- Assignment: Copy out the data word for word. The images are not part of the copy.

- Exercise data:
********

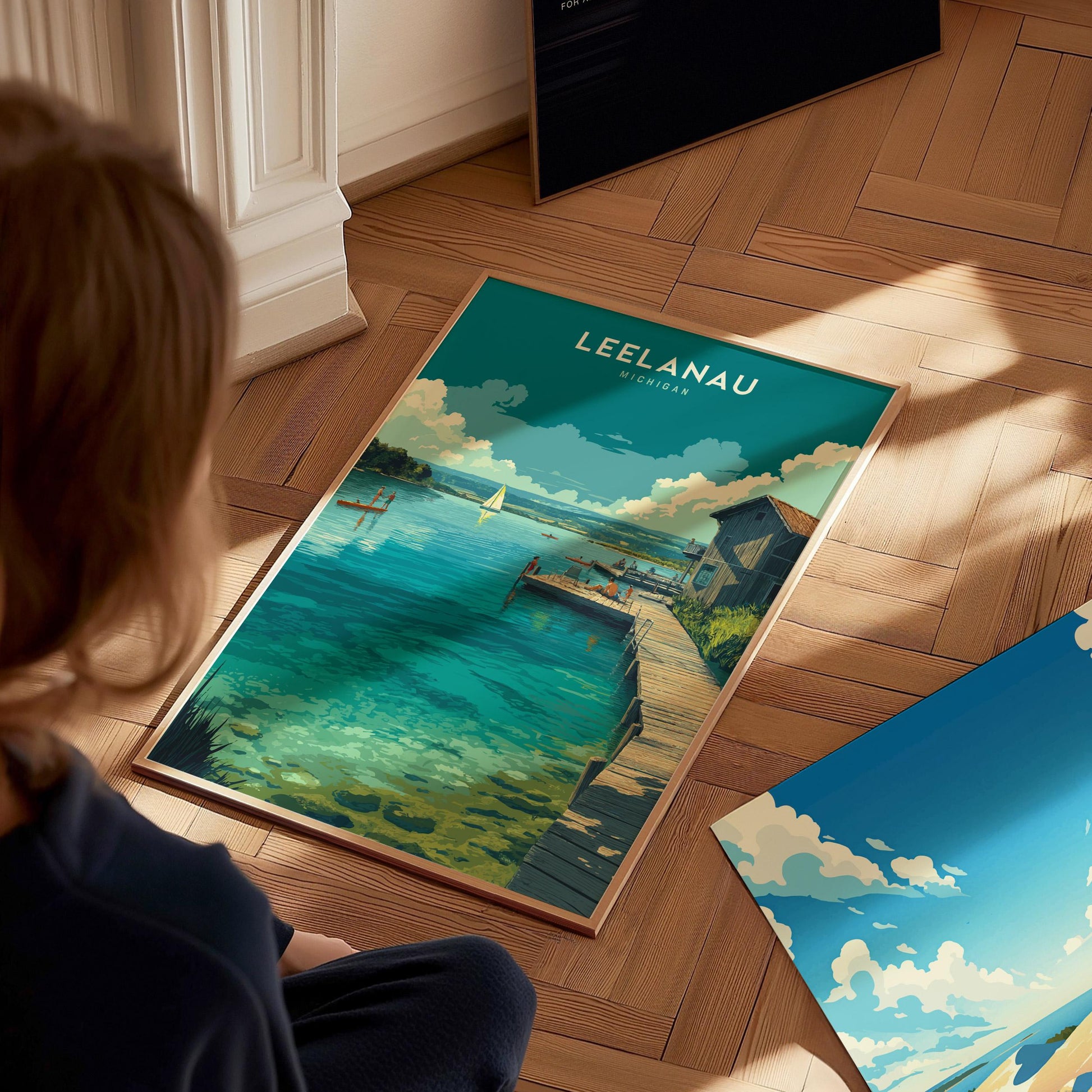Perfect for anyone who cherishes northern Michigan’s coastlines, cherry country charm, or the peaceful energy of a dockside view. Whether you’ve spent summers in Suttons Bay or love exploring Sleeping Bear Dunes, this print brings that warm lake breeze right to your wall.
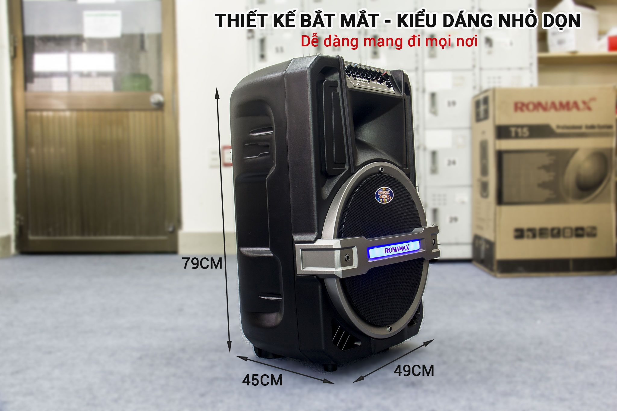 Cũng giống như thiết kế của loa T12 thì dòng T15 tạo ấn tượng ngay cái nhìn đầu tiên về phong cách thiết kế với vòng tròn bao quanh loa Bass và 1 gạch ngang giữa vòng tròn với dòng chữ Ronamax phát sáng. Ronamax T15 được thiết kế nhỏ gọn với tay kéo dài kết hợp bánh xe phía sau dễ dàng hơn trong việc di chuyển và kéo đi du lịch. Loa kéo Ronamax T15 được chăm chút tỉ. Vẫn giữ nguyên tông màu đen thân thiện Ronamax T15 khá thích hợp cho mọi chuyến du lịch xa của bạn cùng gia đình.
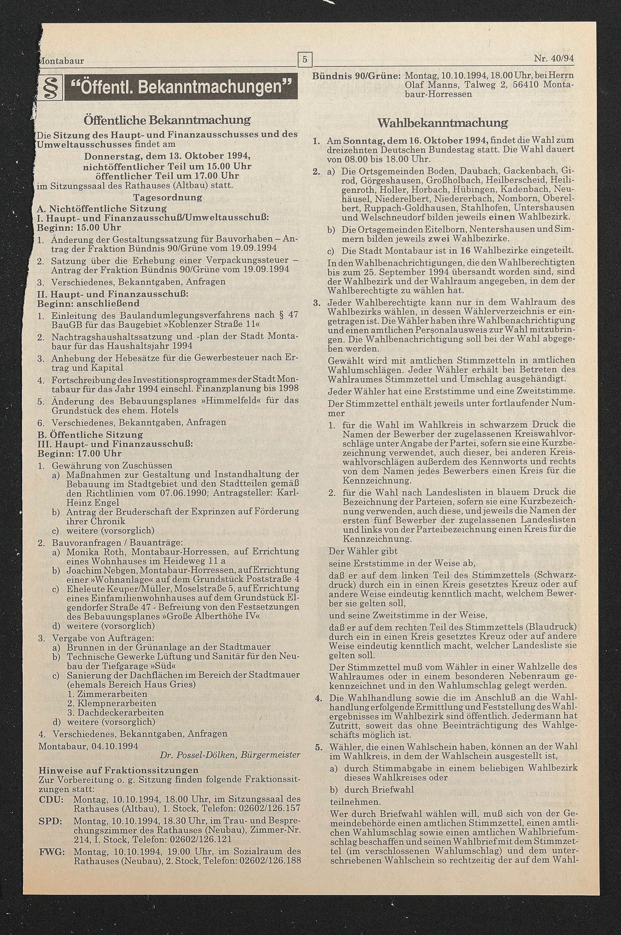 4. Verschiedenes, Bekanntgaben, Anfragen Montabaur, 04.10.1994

********

- Response:
Perfect for anyone who cherishes northern Michigan’s coastlines, cherry country charm, or the peaceful energy of a dockside view. Whether you’ve spent summers in Suttons Bay or love exploring Sleeping Bear Dunes, this print brings that warm lake breeze right to your wall.
 Cũng giống như thiết kế của loa T12 thì dòng T15 tạo ấn tượng ngay cái nhìn đầu tiên về phong cách thiết kế với vòng tròn bao quanh loa Bass và 1 gạch ngang giữa vòng tròn với dòng chữ Ronamax phát sáng. Ronamax T15 được thiết kế nhỏ gọn với tay kéo dài kết hợp bánh xe phía sau dễ dàng hơn trong việc di chuyển và kéo đi du lịch. Loa kéo Ronamax T15 được chăm chút tỉ. Vẫn giữ nguyên tông màu đen thân thiện Ronamax T15 khá thích hợp cho mọi chuyến du lịch xa của bạn cùng gia đình.
 4. Verschiedenes, Bekanntgaben, Anfragen Montabaur, 04.10.1994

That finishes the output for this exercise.